Practical Platform Engineering in 5 Lunches is a blog post series that walks you through building a hands-on Internal Developer Platform (IDP) with Octopus Deploy.
These blog posts can be completed during your lunch break, with each post taking about 30 minutes. Notably, you don’t need any passwords or any other platforms beyond a free trial instance of Octopus.
By the end of the series, you’ll have a fully functional IDP that you can use as a reference for building your own Platform Engineering solutions.
In this introductory post, we’ll set up the basic prerequisites and introduce some of the core concepts we’ll use throughout the series.
Getting an Octopus instance
Sign up for a free trial of Octopus Cloud at https://octopus.com/start. The cloud-hosted version of Octopus is the easiest way to get started, as it doesn’t require any additional configuration to work with the Octopus AI Assistant.
Then install the Octopus AI Assistant Chrome extension from the Chrome Web Store.
Defining common terms
We’ll need a common language to discuss the concepts we’ll use throughout the series.
What is DevOps?
This is perhaps a controversial opinion, but DevOps has lost its meaning. Any term that becomes the target of Search Engine Optimization (SEO) ceases to be a useful term. DevOps is unfalsifiable - literally any practice, tool, or process used by technical teams can be labelled as DevOps.
So I’ll use DevOps as a broad term referring to teams and processes that work with technology.
What is Platform Engineering?
Platform Engineering is the practice of scaling architectural decisions.
That’s it.
I like this definition of architecture from “Objects, Components, and Frameworks With UML: The Catalysis Approach” by Desmond D’Souza and Alan Wills, which defines “architecture” as:
The set of design decisions about any system (or smaller component) that keeps its implementors and maintainers from exercising needless creativity.
More simply, Platform Engineering provides common solutions to common problems so your teams can focus on solving valuable problems.
What is an Internal Developer Platform (IDP)?
An Internal Developer Platform (IDP) comprises the tools, systems, and processes you use to distribute and maintain architectural decisions.
That’s it.
It can be a wiki, a set of scripts in a shared repository, or a fully fledged self-service portal. The specific implementation doesn’t matter, as long as it provides a way to share and maintain architectural decisions.

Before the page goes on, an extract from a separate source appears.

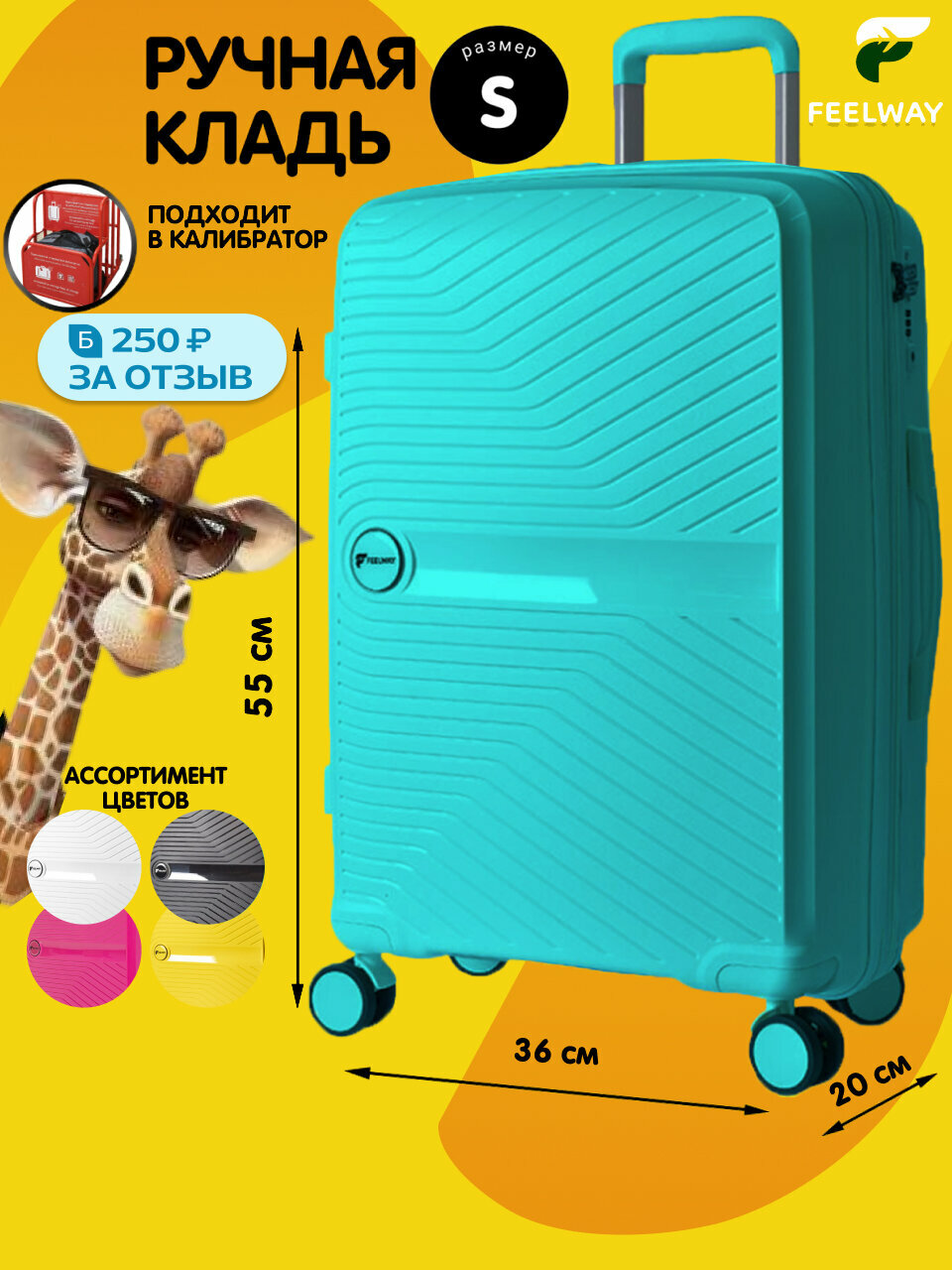 Чемодан FEELWAY, размер S, ярко-желтый

We’ll use Octopus as a repository for architectural decisions that can be updated and distributed to DevOps teams.
How does Platform Engineering relate to CI/CD?
Continuous Integration and Continuous Delivery (CI/CD) focuses on delivering software to consumers. Platform Engineering streamlines CI/CD processes by providing a common set of tools and processes for building, testing, and deploying software. This allows teams to focus on delivering value to customers rather than building and maintaining every aspect of their CI/CD pipelines.
How does Octopus support Platform Engineering?
Octopus provides Platform Hub, which is an opinionated solution for defining, maintaining, and distributing shared processes and policies to support the delivery and maintenance of software.
Platform Hub is based on Git and uses Git based workflows to enable the development, testing, and approval of changes to shared processes and policies.
Platform Hub resources are versioned using SemVer and distributed to consumers in accordance with the semantic meanings of major, minor, and patch versions. Consumers can choose to automatically consume the latest version of a resource or manually update to new versions when they are released.
These features allow Platform Hub to define a set of architectural decisions (in the form of process templates and policies) that are maintained and distributed to consumers at scale.
What just happened?
At the end of this post, you have:
- Created a trial Octopus instance and installed the Octopus AI Assistant Chrome extension.
- Learned the basic concepts of DevOps, Platform Engineering, and Internal Developer Platforms (IDPs).
- Learned the relationship between Platform Engineering and CI/CD.
What’s next?
You are 20% done with the series. You now have a trial instance of Octopus, the AI Assistant Chrome extension, and an understanding of the core concepts we’ll be using throughout the series.